Ангел исчез, а епископ записал на бумажке все, что он слышал, чтобы не позабыть, повернулся на другой бок и спокойно заснул. А на другое утро по всем площадям, церквам и базарам читали объявление от епископа, где городские девушки приглашались на добровольную жертву. А потом это объявление развесили по видным местам, и народ с утра до вечера читал его и рассуждал между собою. Дошло все это и до Мары, и она написала письмо к епископу, где она ему предложила, что готова отказаться и от пения, и от танцев, и от богатых одежд, и от своего наследства в пользу городского бедствия. Епископ сделал второе объявление, в котором всех оповестил, что вот нашлась такая добродетельная и святая девушка, которая готова помочь своим согражданам.
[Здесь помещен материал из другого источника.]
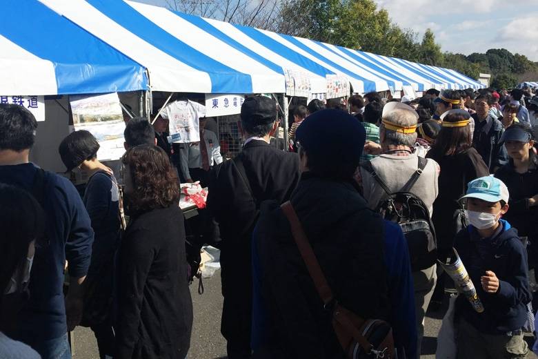 すごい賑わいです。会場の南側にある通路から、続々と工場へ向かう人の流れがありました。途中、通路の左側には様々な鉄道会社の出店ブースもあり、グッズを買う人で通路がいっぱいになっているところも。パンフレットには「正門から徒歩約15分」と書いてありましたが、そんなに距離を感じる事もなく、工場入口へ到着。

В назначенный день все собрались в соборную церковь, и так как было большое скопление народа, то не только соборная площадь, но и прилегавшие к ней улицы и переулки были наполнены толпою. Из дальних деревень пришли полуголые пастухи, у которых весь скот пал от пеклого жара, чтобы посмотреть на добродетельную Мару. Один монах написал длинные стихи вроде акафиста, где все время повторялось: «Радуйся, дождеводительница!»
Мару привезли на белых мулах, и весь народ по ее дороге становился на колени и благословлял ее, а горбатая девушка, ничего не видя слепыми глазами, улыбалась и плакала. Епископ и городские начальники долго не могли придумать, какую церемонию устроить, чтобы закрепить Марино отречение. Если бы она постриглась в монахини, было бы, конечно, очень просто, но девушка в монахини идти не собиралась, а хотела сделать только то, что велел ангел, ни больше, ни меньше. Тогда решили, что после торжественного молебна прочтут вслух такую бумагу, где все сказано по пунктам, а Мара ее подпишет и поцелует крест на том, что слово ее крепко.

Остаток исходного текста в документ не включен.